* **Task details**
Would you copy the entries that follow exactly, leaving out every picture?

##### Dataset excerpts

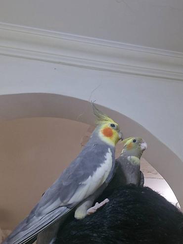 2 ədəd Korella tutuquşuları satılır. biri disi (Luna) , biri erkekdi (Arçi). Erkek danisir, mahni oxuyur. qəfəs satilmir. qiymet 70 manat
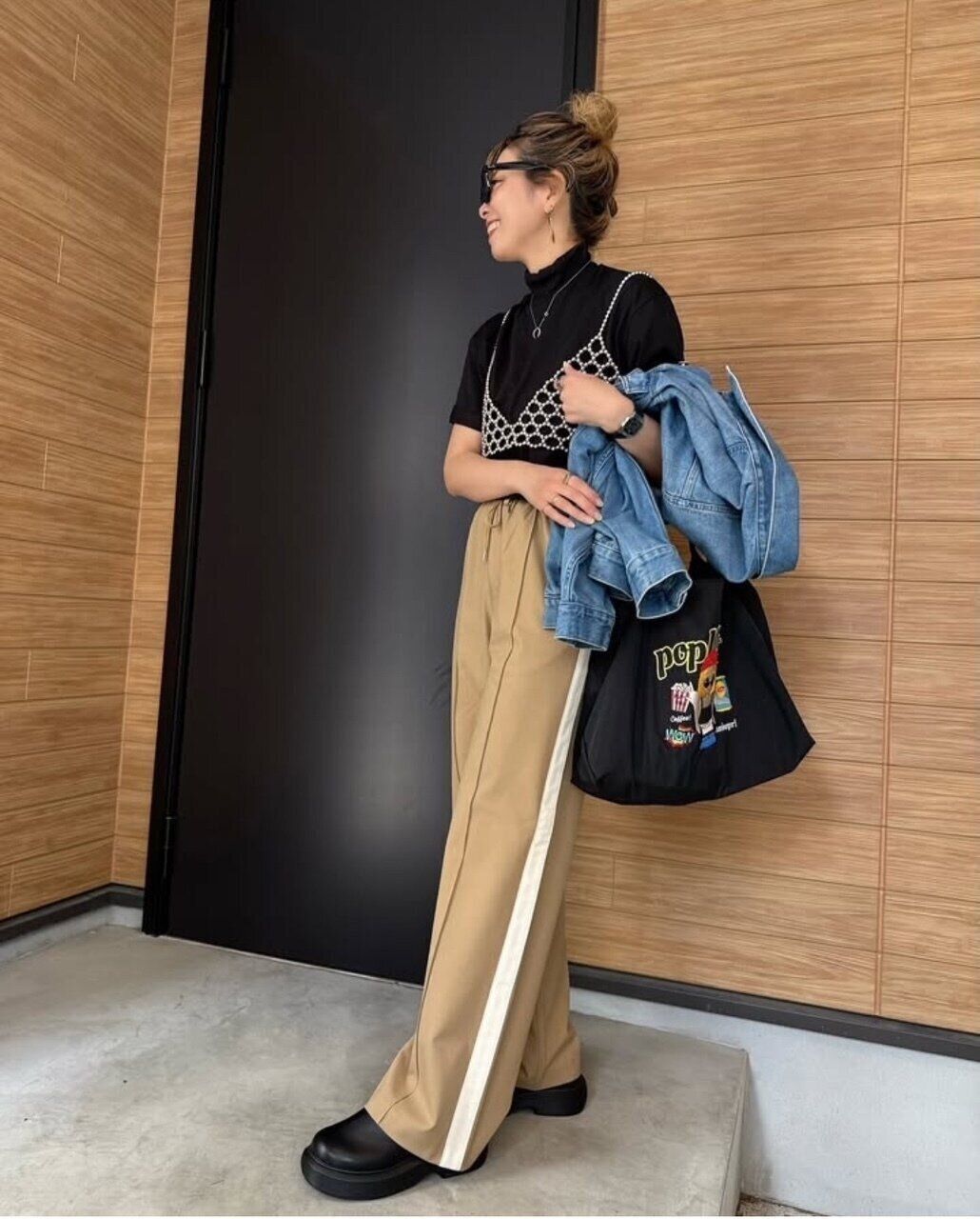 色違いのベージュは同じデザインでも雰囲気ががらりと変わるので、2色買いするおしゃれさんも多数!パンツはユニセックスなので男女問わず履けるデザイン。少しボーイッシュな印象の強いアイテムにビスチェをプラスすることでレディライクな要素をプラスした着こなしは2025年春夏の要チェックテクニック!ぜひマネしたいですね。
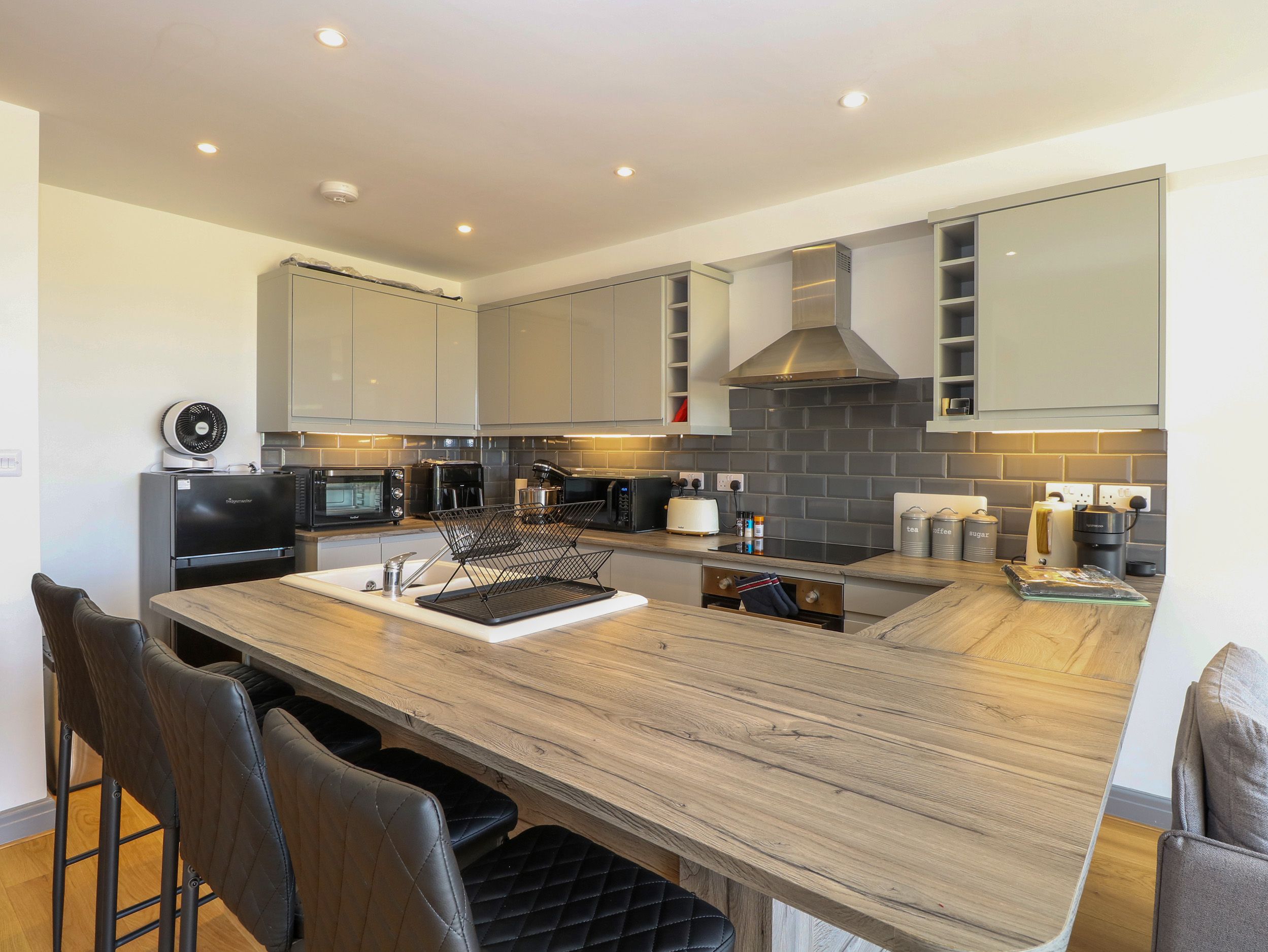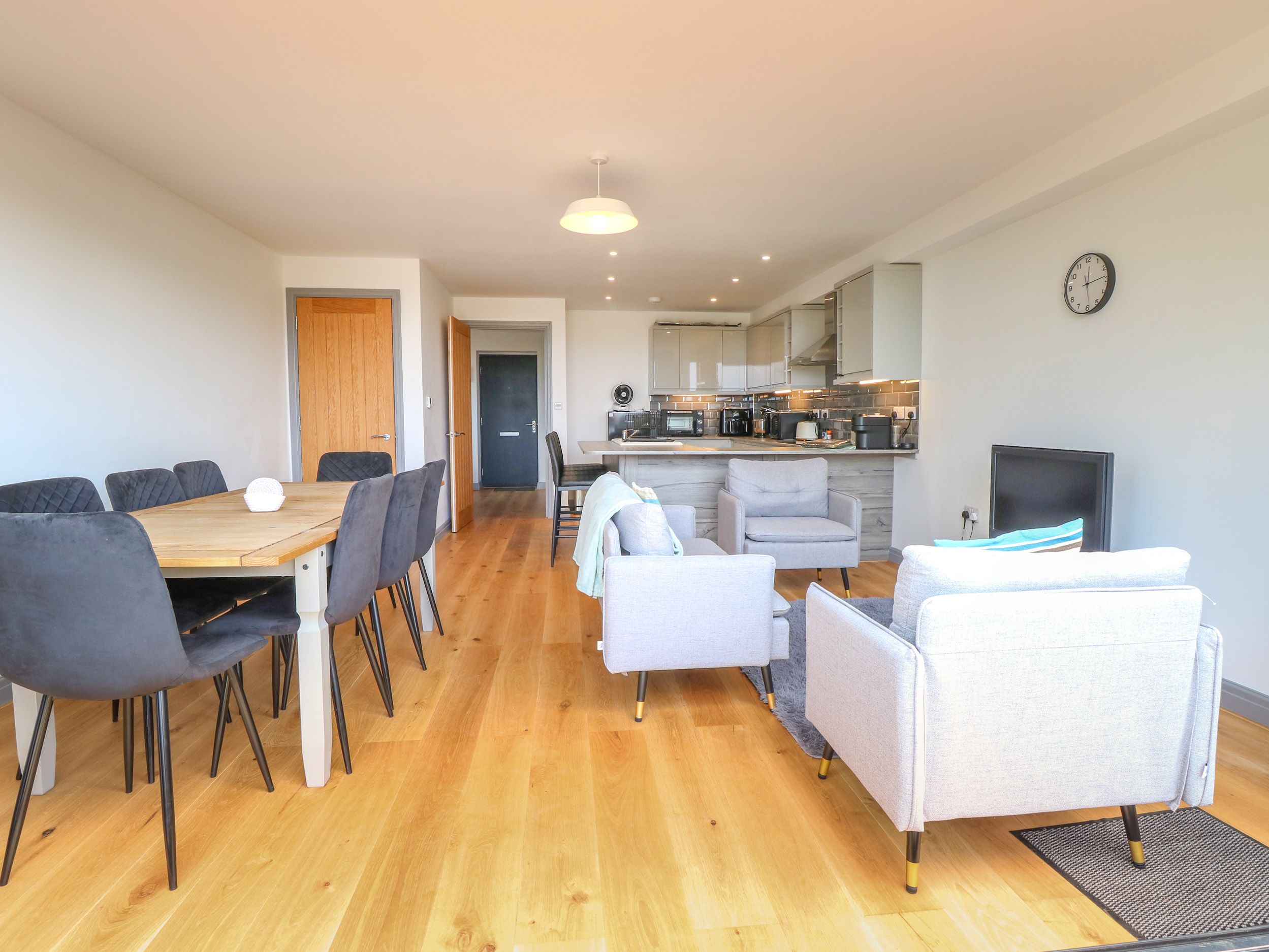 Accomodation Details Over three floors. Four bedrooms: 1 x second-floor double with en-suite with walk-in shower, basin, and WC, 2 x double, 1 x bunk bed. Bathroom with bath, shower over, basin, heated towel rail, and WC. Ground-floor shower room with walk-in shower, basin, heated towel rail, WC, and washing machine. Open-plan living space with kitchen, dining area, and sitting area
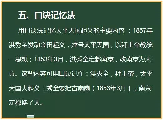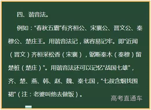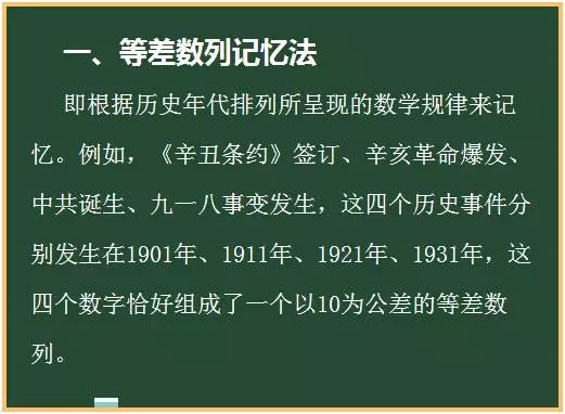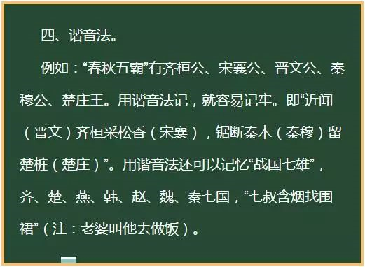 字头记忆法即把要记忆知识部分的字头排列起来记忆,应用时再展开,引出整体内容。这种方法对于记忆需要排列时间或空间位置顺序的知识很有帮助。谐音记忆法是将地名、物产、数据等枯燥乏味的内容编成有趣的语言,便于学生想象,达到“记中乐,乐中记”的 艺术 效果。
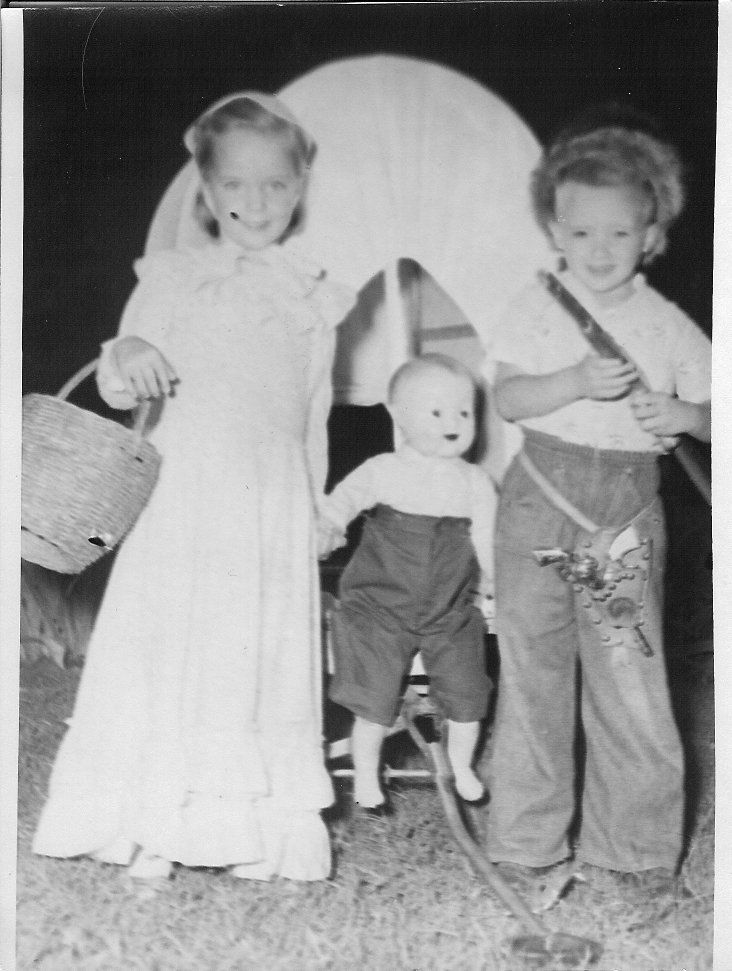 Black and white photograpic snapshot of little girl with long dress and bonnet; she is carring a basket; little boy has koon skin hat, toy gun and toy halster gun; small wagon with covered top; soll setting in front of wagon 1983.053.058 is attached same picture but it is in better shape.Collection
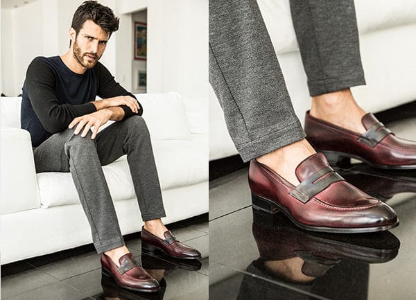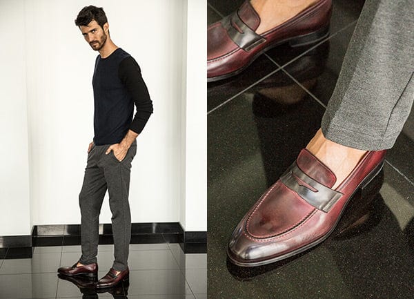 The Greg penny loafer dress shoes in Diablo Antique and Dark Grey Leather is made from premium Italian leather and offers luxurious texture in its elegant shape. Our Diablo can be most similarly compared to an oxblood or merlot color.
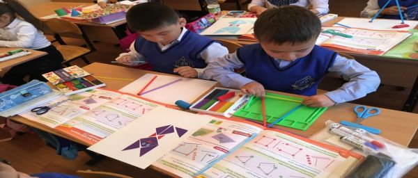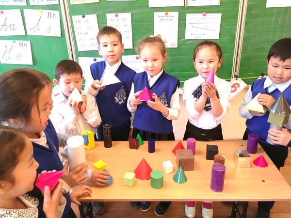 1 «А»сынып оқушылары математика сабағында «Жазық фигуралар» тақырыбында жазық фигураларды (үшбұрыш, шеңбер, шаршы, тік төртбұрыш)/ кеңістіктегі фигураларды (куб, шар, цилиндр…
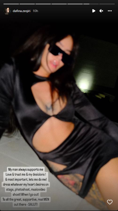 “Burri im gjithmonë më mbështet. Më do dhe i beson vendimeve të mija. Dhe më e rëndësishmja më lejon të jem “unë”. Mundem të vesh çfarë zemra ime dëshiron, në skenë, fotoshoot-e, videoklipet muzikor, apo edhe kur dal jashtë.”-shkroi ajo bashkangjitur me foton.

##########

* **Exercise output**
 2 ədəd Korella tutuquşuları satılır. biri disi (Luna) , biri erkekdi (Arçi). Erkek danisir, mahni oxuyur. qəfəs satilmir. qiymet 70 manat
 色違いのベージュは同じデザインでも雰囲気ががらりと変わるので、2色買いするおしゃれさんも多数!パンツはユニセックスなので男女問わず履けるデザイン。少しボーイッシュな印象の強いアイテムにビスチェをプラスすることでレディライクな要素をプラスした着こなしは2025年春夏の要チェックテクニック!ぜひマネしたいですね。
 Accomodation Details Over three floors. Four bedrooms: 1 x second-floor double with en-suite with walk-in shower, basin, and WC, 2 x double, 1 x bunk bed. Bathroom with bath, shower over, basin, heated towel rail, and WC. Ground-floor shower room with walk-in shower, basin, heated towel rail, WC, and washing machine. Open-plan living space with kitchen, dining area, and sitting area
 字头记忆法即把要记忆知识部分的字头排列起来记忆,应用时再展开,引出整体内容。这种方法对于记忆需要排列时间或空间位置顺序的知识很有帮助。谐音记忆法是将地名、物产、数据等枯燥乏味的内容编成有趣的语言,便于学生想象,达到“记中乐,乐中记”的 艺术 效果。
 Black and white photograpic snapshot of little girl with long dress and bonnet; she is carring a basket; little boy has koon skin hat, toy gun and toy halster gun; small wagon with covered top; soll setting in front of wagon 1983.053.058 is attached same picture but it is in better shape.Collection
 The Greg penny loafer dress shoes in Diablo Antique and Dark Grey Leather is made from premium Italian leather and offers luxurious texture in its elegant shape. Our Diablo can be most similarly compared to an oxblood or merlot color.
 1 «А»сынып оқушылары математика сабағында «Жазық фигуралар» тақырыбында жазық фигураларды (үшбұрыш, шеңбер, шаршы, тік төртбұрыш)/ кеңістіктегі фигураларды (куб, шар, цилиндр…
 “Burri im gjithmonë më mbështet. Më do dhe i beson vendimeve të mija. Dhe më e rëndësishmja më lejon të jem “unë”. Mundem të vesh çfarë zemra ime dëshiron, në skenë, fotoshoot-e, videoklipet muzikor, apo edhe kur dal jashtë.”-shkroi ajo bashkangjitur me foton.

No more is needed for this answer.